Only the lines from the start of the entries through the line with "Салат оливье —" should be returned, each exactly as it stands, and no pictures.

------ LISTED ENTRIES

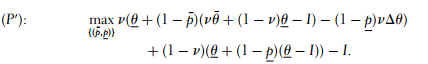 . Inserting these expressions into the principal’s objective function yields a reduced program that depends only on the probabilities of refinancing p¯ and p:
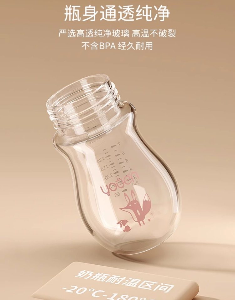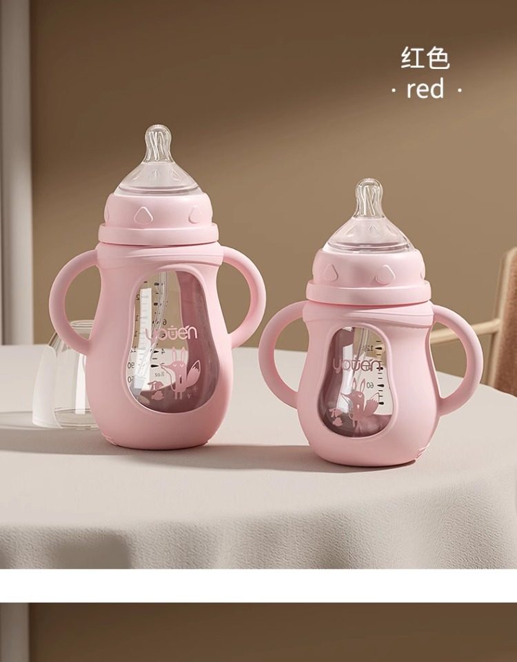 婴儿玻璃奶瓶防胀气防摔防呛新生儿宝宝鸭嘴吸管喝水杯0-3到6个月
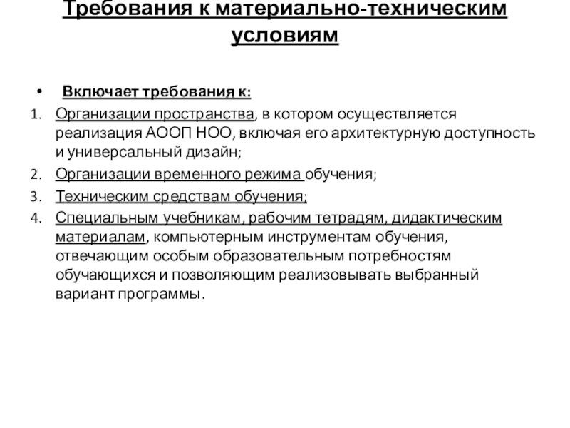 реализация АООП НОО, включая его архитектурную доступность и универсальный дизайн;
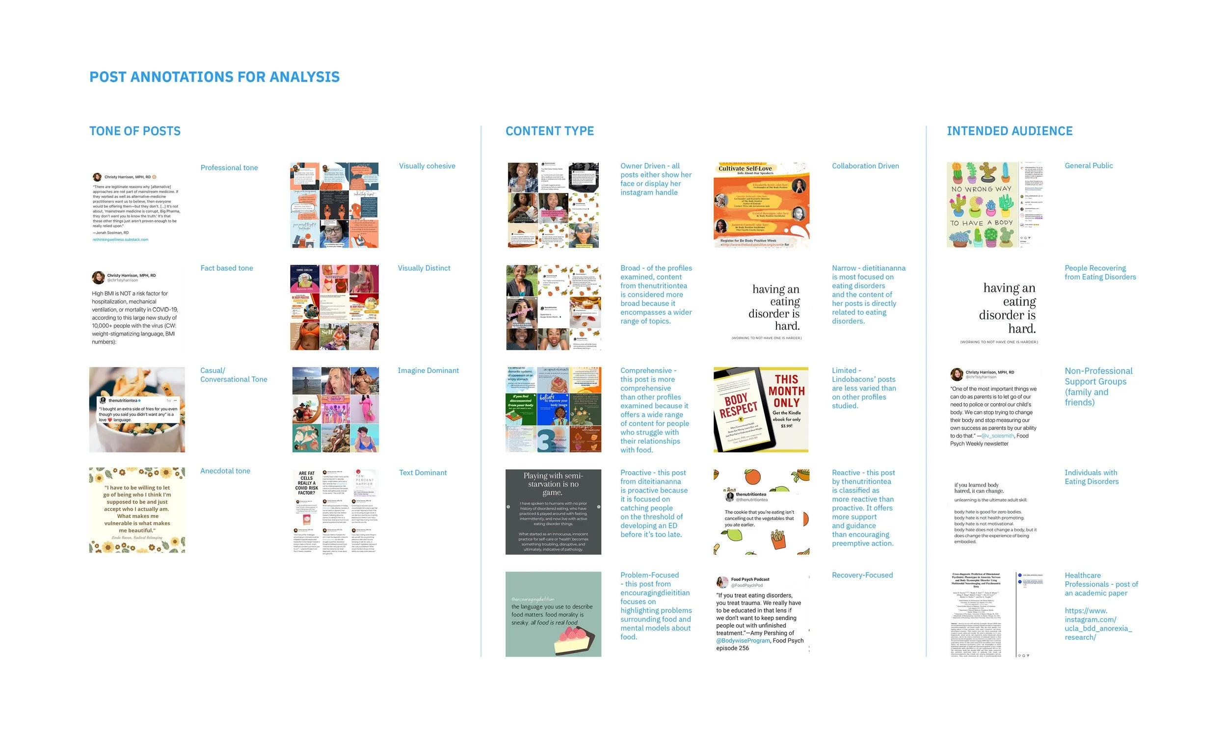 I reviewed 32 profiles, developing evaluation frameworks to assess tone, content quality, intended audience, and content categories.
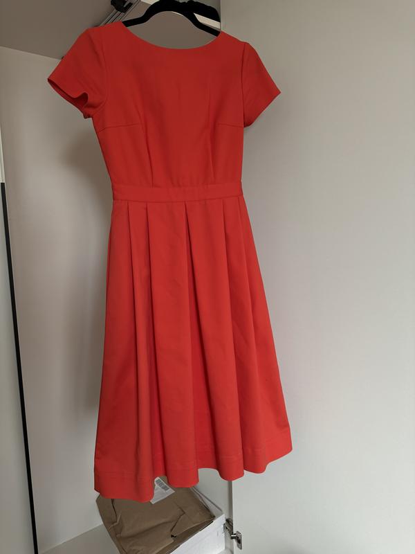 Плаття українського бренду Krisstel. Класичний крій, має приховані кишені та виріз на спині. Красивий кораловий колір. Одягалось біля 3 разів. ОТ - 33см
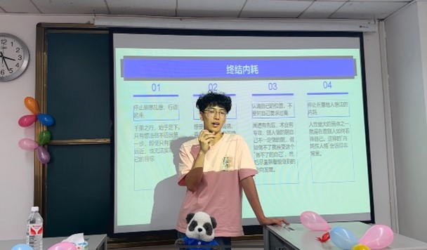 202559日,2023级经济1班举办了一场以停止脑海里的战争——和情绪内耗说再见为主题的班会,由心理委员赵自宇同学担任主讲人,旨在帮助同学们认识情绪内耗,掌握应对方法,促进心理健康。
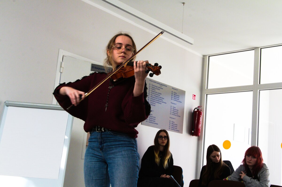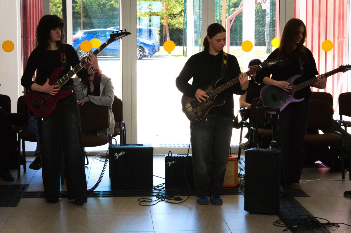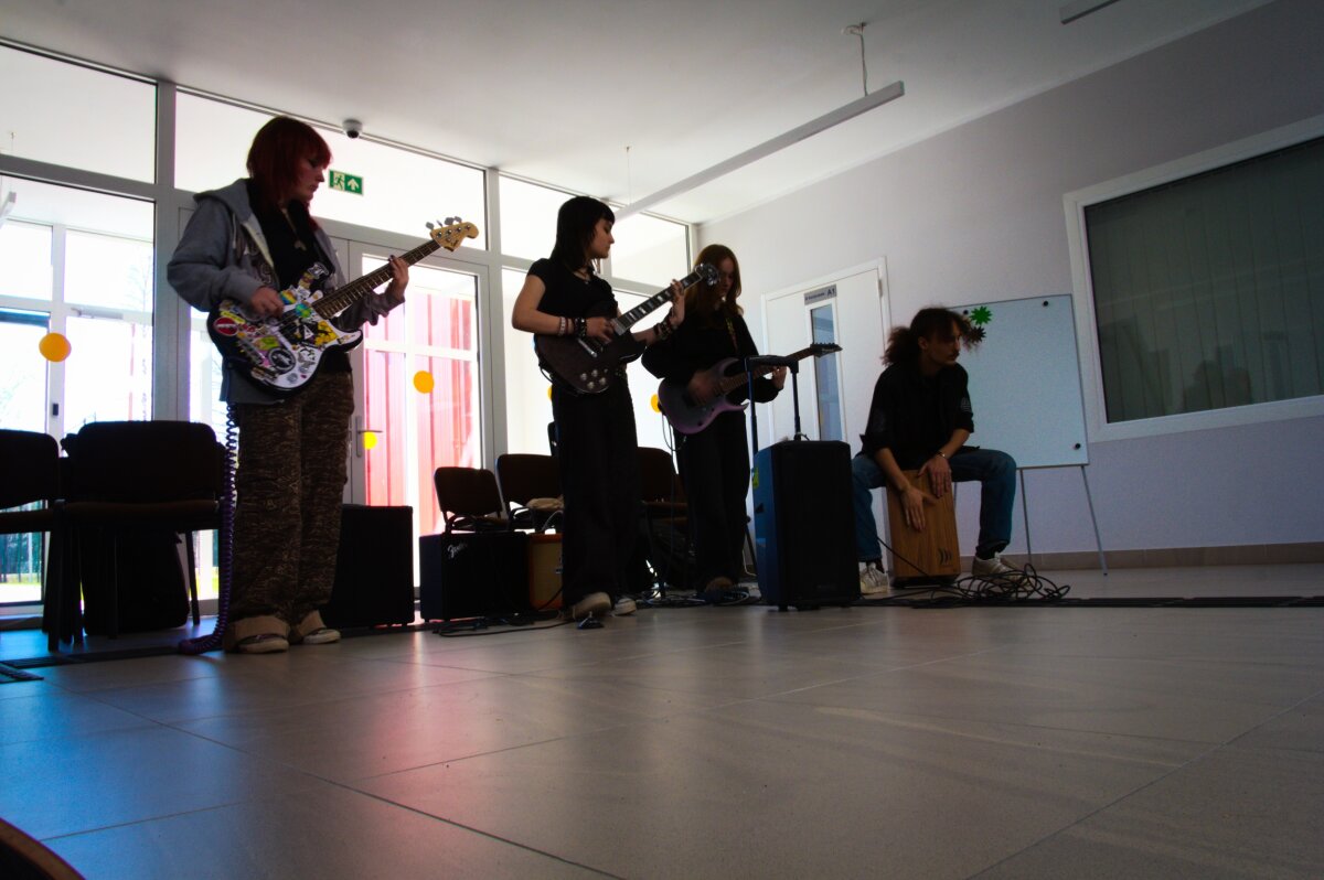 Atvykę į centrą, gimnazistai pirmiausia pristatė muzikinę programą. Mokiniai grojo įvairiais instrumentais, dainavo, stengdamiesi sukurti jaukią ir džiugią atmosferą. Jų pasirodymai nepaliko abejingų. Muzika tapo bendravimo tiltu, leidusiu bent trumpam visiems pasijusti artimesniems.
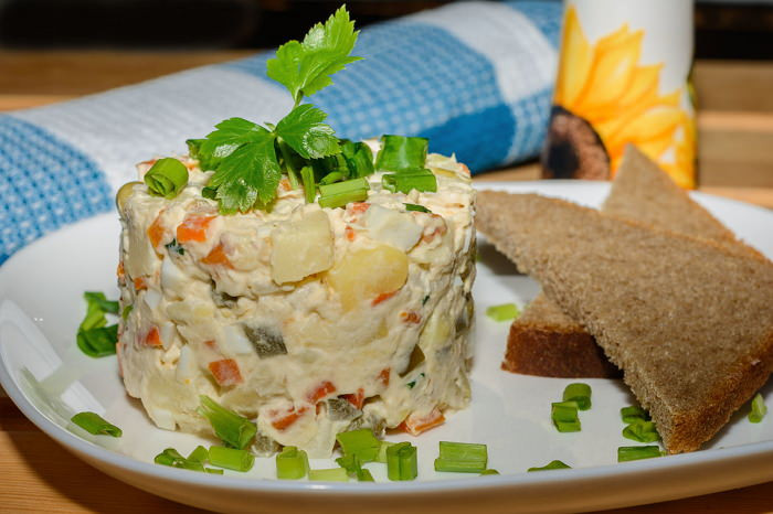 Салат оливье — король салатов. Любой мужчина скажет: нет салата оливье, значит, нет праздника. Рецепт салата оливье имеет много разновидностей, поэтому каждый в зависимости от своих вкусов и предпочтений в еде может выбрать, как приготовить салат оливье.
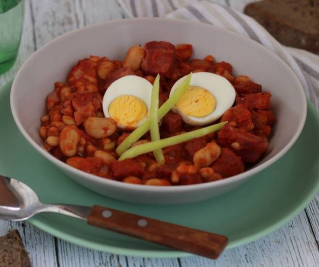 A hagymát, a fokhagymát meghámozzuk, felaprítjuk. A tarját nagyobb kockára vágjuk, sózzuk, borsozzuk, és az olajon forró serpenyőben körbe pirítjuk, majd kiszedjük és félretesszük. A visszamaradt szafton megsütjük a felaprított hagymákat, sózzuk, borsozzuk, megszórjuk borssal, köménnyel, fűszerpaprikával, rátesszük a sült tarját, a lecsöpögtetett babot, babérlevelet, hozzáforgatjuk a darabolt paradicsomot, majd felöntjük a vízzel. Felforraljuk, és kb. 15-20 perc alatt készre főzzük. A ragut csípőspaprikával és friss kenyérrel tálaljuk.
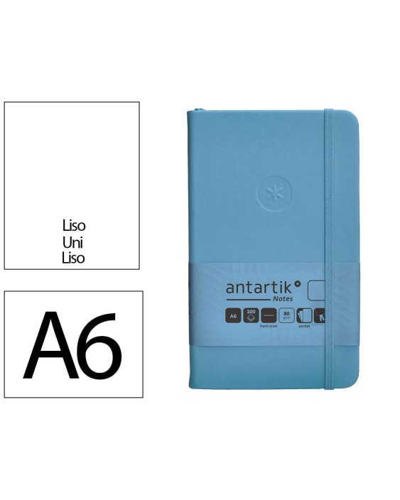 Cuaderno con gomilla antartik notes tapa dura a6 hojas lisas azul claro 100 hojas 80 gr fsc

------------

== RESULT OF THIS TASK ==
 . Inserting these expressions into the principal’s objective function yields a reduced program that depends only on the probabilities of refinancing p¯ and p:
 婴儿玻璃奶瓶防胀气防摔防呛新生儿宝宝鸭嘴吸管喝水杯0-3到6个月
 реализация АООП НОО, включая его архитектурную доступность и универсальный дизайн;
 I reviewed 32 profiles, developing evaluation frameworks to assess tone, content quality, intended audience, and content categories.
 Плаття українського бренду Krisstel. Класичний крій, має приховані кишені та виріз на спині. Красивий кораловий колір. Одягалось біля 3 разів. ОТ - 33см
 202559日,2023级经济1班举办了一场以停止脑海里的战争——和情绪内耗说再见为主题的班会,由心理委员赵自宇同学担任主讲人,旨在帮助同学们认识情绪内耗,掌握应对方法,促进心理健康。
 Atvykę į centrą, gimnazistai pirmiausia pristatė muzikinę programą. Mokiniai grojo įvairiais instrumentais, dainavo, stengdamiesi sukurti jaukią ir džiugią atmosferą. Jų pasirodymai nepaliko abejingų. Muzika tapo bendravimo tiltu, leidusiu bent trumpam visiems pasijusti artimesniems.
 Салат оливье — король салатов. Любой мужчина скажет: нет салата оливье, значит, нет праздника. Рецепт салата оливье имеет много разновидностей, поэтому каждый в зависимости от своих вкусов и предпочтений в еде может выбрать, как приготовить салат оливье.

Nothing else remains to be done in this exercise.